YOUR INSTRUCTIONS:
From the line containing "not sure what" through the last line below, copy every line exactly, leaving out the pictures.

SOURCE MATERIAL:
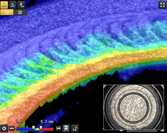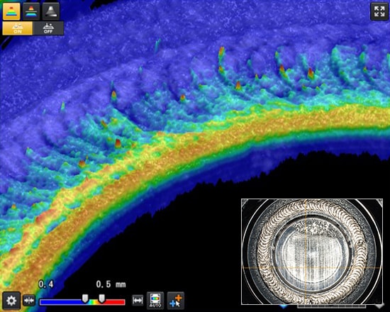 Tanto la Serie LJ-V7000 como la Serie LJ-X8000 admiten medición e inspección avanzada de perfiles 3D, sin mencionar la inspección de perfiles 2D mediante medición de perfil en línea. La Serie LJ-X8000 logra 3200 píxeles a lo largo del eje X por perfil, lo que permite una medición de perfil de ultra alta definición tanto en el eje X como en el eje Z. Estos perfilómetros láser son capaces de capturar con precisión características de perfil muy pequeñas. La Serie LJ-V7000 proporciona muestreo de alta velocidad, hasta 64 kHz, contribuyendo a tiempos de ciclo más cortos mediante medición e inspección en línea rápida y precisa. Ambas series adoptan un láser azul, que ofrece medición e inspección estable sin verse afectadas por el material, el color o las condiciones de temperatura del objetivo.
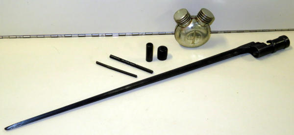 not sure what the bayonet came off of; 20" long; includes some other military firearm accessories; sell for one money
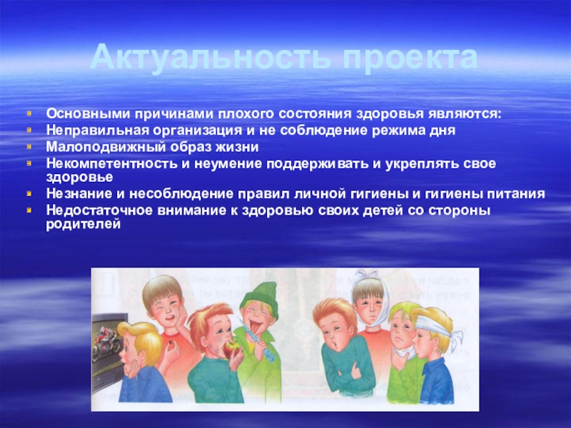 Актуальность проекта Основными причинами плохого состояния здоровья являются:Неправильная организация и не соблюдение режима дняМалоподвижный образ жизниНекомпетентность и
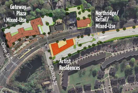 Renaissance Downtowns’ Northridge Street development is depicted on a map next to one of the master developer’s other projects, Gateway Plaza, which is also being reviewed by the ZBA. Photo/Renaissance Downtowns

ANSWER SECTION:
 not sure what the bayonet came off of; 20" long; includes some other military firearm accessories; sell for one money
 Актуальность проекта Основными причинами плохого состояния здоровья являются:Неправильная организация и не соблюдение режима дняМалоподвижный образ жизниНекомпетентность и
 Renaissance Downtowns’ Northridge Street development is depicted on a map next to one of the master developer’s other projects, Gateway Plaza, which is also being reviewed by the ZBA. Photo/Renaissance Downtowns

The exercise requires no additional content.